The question before the court is whether a passenger in an uninsured automobile, struck by an insured vehicle, may recover medical expenses from the Unsatisfied Claim and Judgment Fund (UCJ) without first obtaining and exhausting efforts to collect the expenses from the insured driver or owner. The only reported decision of this issue, Pearman v. Unsatisfied Claim and Judgment Fund Bd., 185 N.J.Super. 397 (Law Div.1982), required exhaustion. This opinion reaches the opposite conclusion.
Frederick Wilson, age 5, was a passenger in his uncle’s uninsured automobile when it was struck in the rear by an insured school bus owned by the Moorestown Township Board of Education. Frederick was injured.
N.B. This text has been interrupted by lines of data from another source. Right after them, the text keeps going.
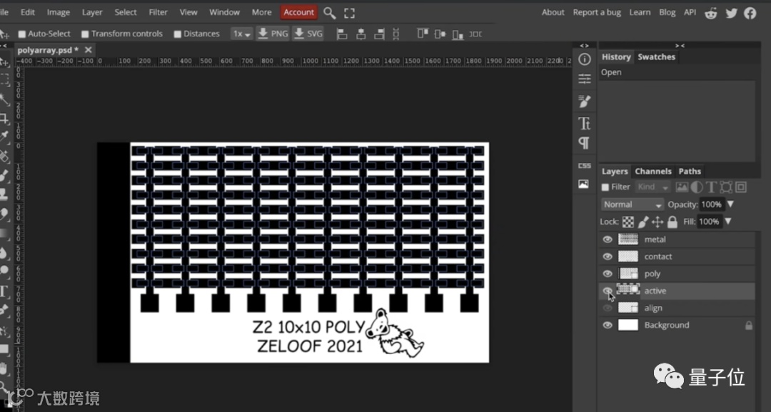 Zeloof对此解释说,因为他的芯片只有4层需要设计,所以用PS会比其它软件来得更简单一些。
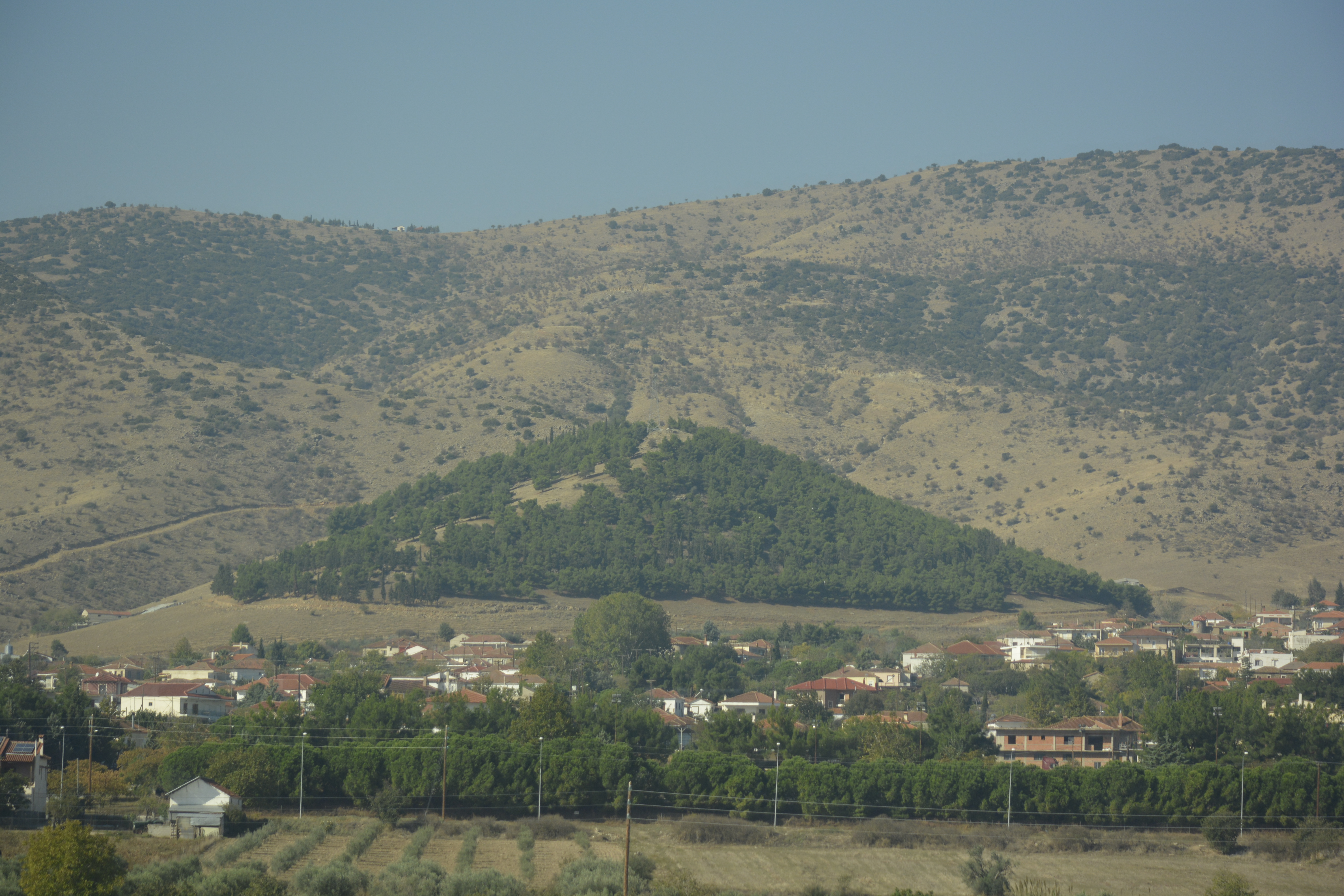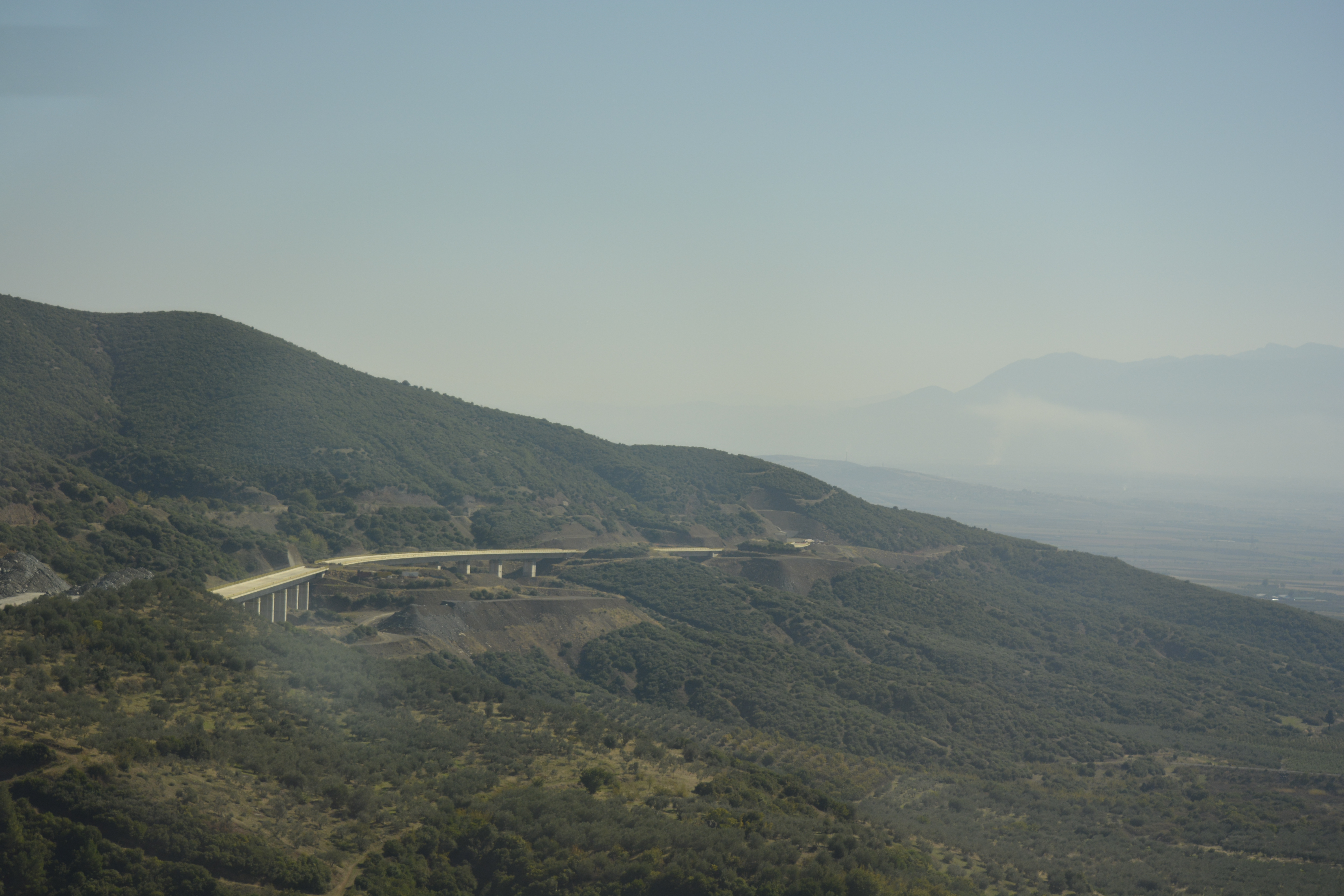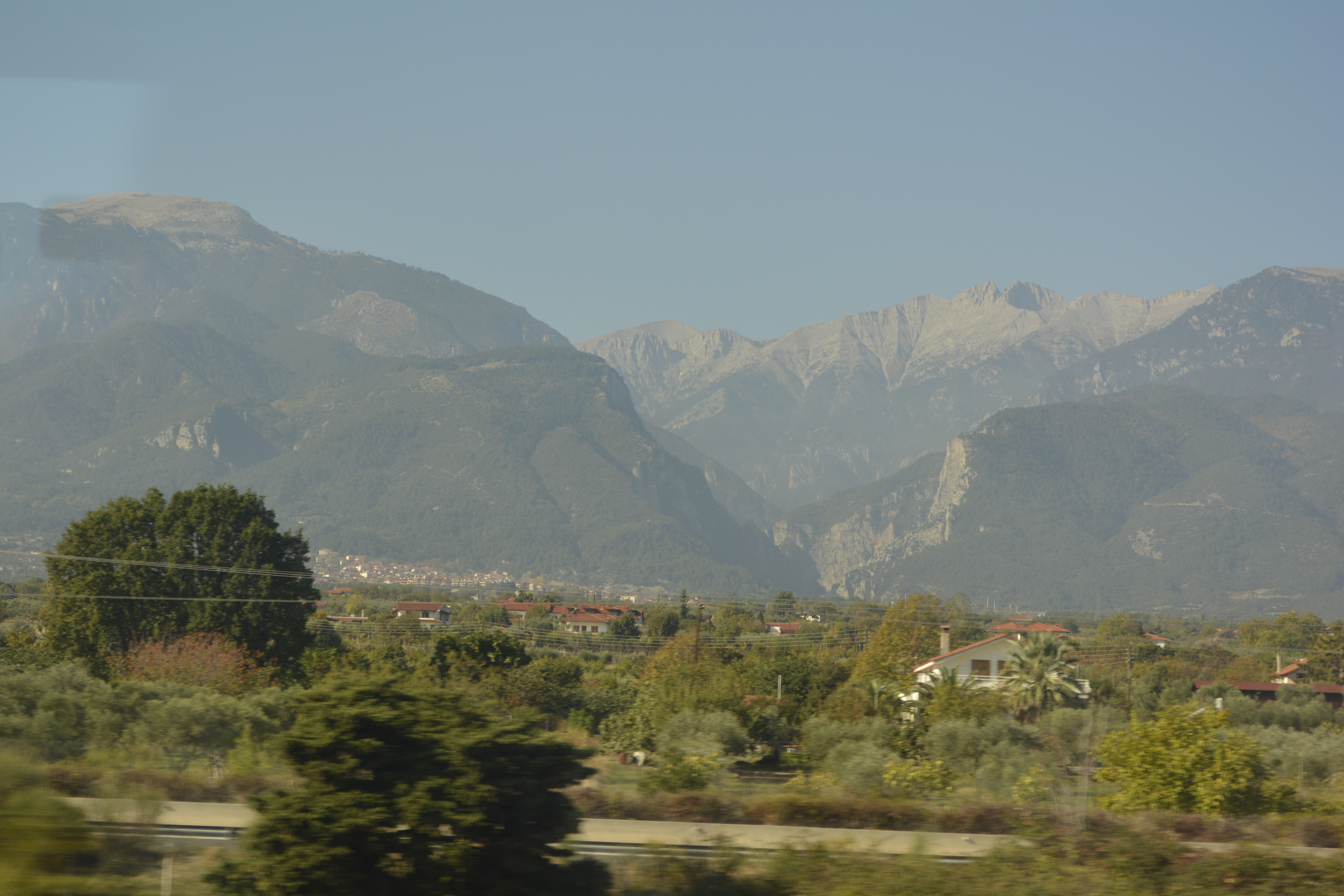 I boarded the train and quickly found the compartment that was to be my refuge for the next 6 hours. There are 6 comfortable seats and a window that was actually clean. Unfortunately, the glass was polarized which made photography less than ideal. My only companion was a 16 year-old Greek girl who spoke no English, so she retreated into her world of calling and texting friends when she was not sleeping. I passed the time enjoying the countryside and occasionally reading. The landscape was, as you would expect, hilly to mountainous with quaint little valleys dotted with houses and villages. This is, as usual, a much more interesting way to travel thorough a country than by flying. About half way, we stopped, and the smokers made a mad dash for the exits. They hung out in small groups enveloped in clouds of smoke. I welcomed the stop to stretch my legs a bit.
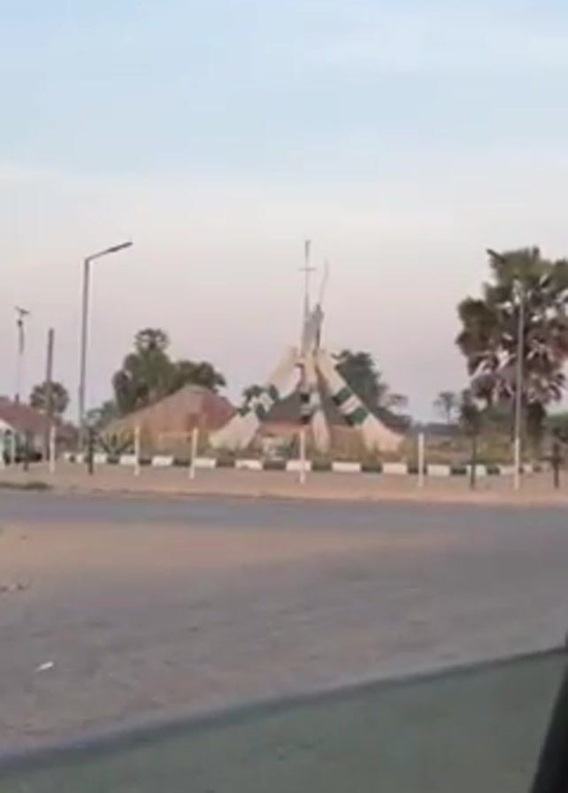 roundabout in a town or city, with a large sculpture in the center. The sculpture is made of white pillars with green stripes, arranged in a conical shape and supporting a cross or antenna at the top. There are palm trees and small buildings in the background. A motorcycle with two people riding on it passes in front of the roundabout. The video is taken from inside a moving car.
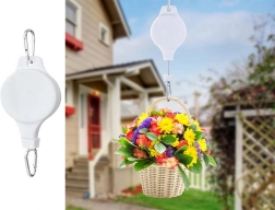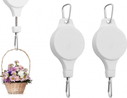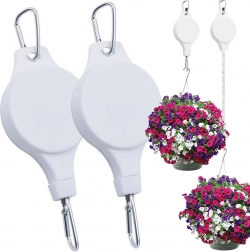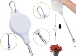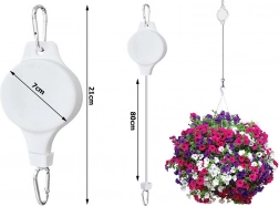 A practical hanging system for plants and decor that lets you lower and raise them with a single pull. Thanks to the retractable reinforced nylon strap and convenient carabiners, watering and maintaining hanging plants on a balcony, terrace, or indoors is quick and safe. The set includes 2 pieces.
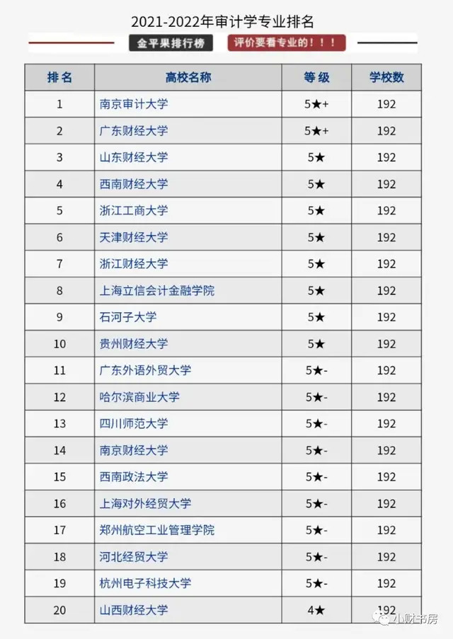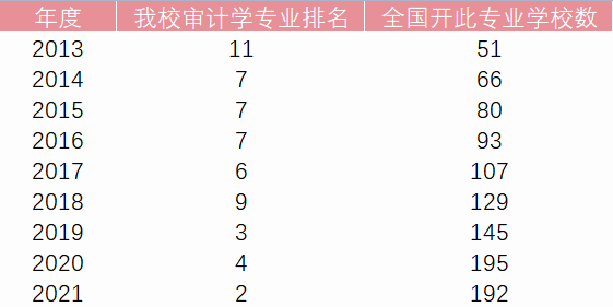 2021年3月,金平果中评榜发布了2021中国大学分专业竞争力排行榜,共计435个榜单,本次分专业排名属于金平果排行榜《中国大学及学科专业评价报告(2021-2022)》的重要组成部分。该评价由杭州电子科技大学中国科教评价研究院和浙江高等教育研究院、武汉大学中国科学评价研究中心和中国科教评价网(www.nseac.com)联合推出,全面、系统、客观、公正地评价了中国大陆2667所大学的实力和水平,并对12个学科门类、92个专业类、435个专业进行了综合竞争力评价。2021版“金平果”大学评价中,大学及学科专业的星级标记体系由5★+、5★、5★-、4★、3★、2★、1★组成,分别对应于大学或学科专业评价排名的前1%、1-5%、5-10%、10-20%、20-50%、50-90%、90-100%的大学或学科专业。其中,m88审计专业荣膺5★+,专业排名高达全国第二。

He incurred medical expenses which would have been payable under the personal injury protection (PIP or PIPC) provisions of his uncle’s policy of insurance, had his uncle been insured. Since he was not, *596they are payable by the UCJ, absent some disqualification or exclusion.
Relying on Pearman, The UCJ moves for summary judgment on the ground that Frederick has no claim against the Fund because he can recover his losses from an insured defendant, the Moorestown Board of Education. Frederick cross moves for summary judgment on the ground that Pearman is wrong. There are no factual disputes and this opinion disposes of the litigation.
A. The Statutes
We are concerned here with the two statutes: The Unsatisfied Claim and Judgment Fund Law, N.J.S.A. 39:6-61, et seq, adopted in 1952, and The New Jersey Automobile Reparation Reform Act, N.J.S.A. 39:6A-1, et seq, known as the “No Fault Law”, effective June 20, 1972. The compulsory insurance, PIP coverage benefits and tort exemption provisions of the No Fault Law became mandatory on January 1, 1973. The Unsatisfied Claim and Judgment Fund statute was amended by L. 1972, c. 198 to match the mandatory insurance provisions of the No Fault Law, making both effective on January 1,1973. That is the date on which N.J.S.A. 39:6-86.1 and N.J.S.A. 39:6A-4, of special interest here, became effective. The provisions of their initial paragraphs reveal their close connection:
*597NJ.S.A.39:6A-4
Personal injury protection coverage regardless of fault. Every automobile liabilty insurance policy insuring against loss resulting from liability imposed by law for bodily injury, death and property damage sustained by any person arising out of ownership, operation, maintenance or use of an automobile shall provide additional coverage, as defined herein below, under provisions approved by the Commissioner of Insurance, for the payment of benefits without regard to negligence, liability or fault of any kind, to the named insured and members of his family residing in his household who sustained bodily injury as a result of an automobile accident, to other persons sustaining bodily injury while occupying the automobile of the named insured or while using such automobile with the permission of the named insured and to pedestrians, sustaining bodily injury caused by the named insured’s automobile or struck by an object propelled by or from such automobile. "Additional coverage" means and includes:
NJ.S.A.39:6-86.1
When any person qualified to receive payments under the provisions of the "Unsatisfied Claim and Judgment Fund Law,” suffers bodily injury or death arising out of the ownership, operation or use of an automobile, as defined in P.L.1972, c. 70, registered or principally garaged in this State for which personal injury protection benefits under the “New Jersey Automobile Reparation Reform Act" would be payable to such person if personal injury protection coverage were in force and the damages resulting from such automobile accident or deaths are not satisfied due to the personal injury protection coverage not being in effect with respect to such automobile accident, then in such event the Unsatisfied Claim and Judgment Fund shall provide, under the following conditions, the following benefits:
There follows, in both sections, a list and description of identical benefits: medical expenses, income continuation, essential services, death benefits and funeral expenses. Both statutes were amended by L.1983, c. 362 to add identical language which provides coverage “while occupying, entering into, alighting from, or using an automobile,” further proving the symbiotic relationship of the two statutes.
Except for the Pearman rationale, it would be clear from these statutory provisions that the Legislature intended the UCJ to pay PIP benefits whenever they would have been payable except for the fact that PIP coverage was not in force. History, logic and language support the conclusion that this was the legislative intent.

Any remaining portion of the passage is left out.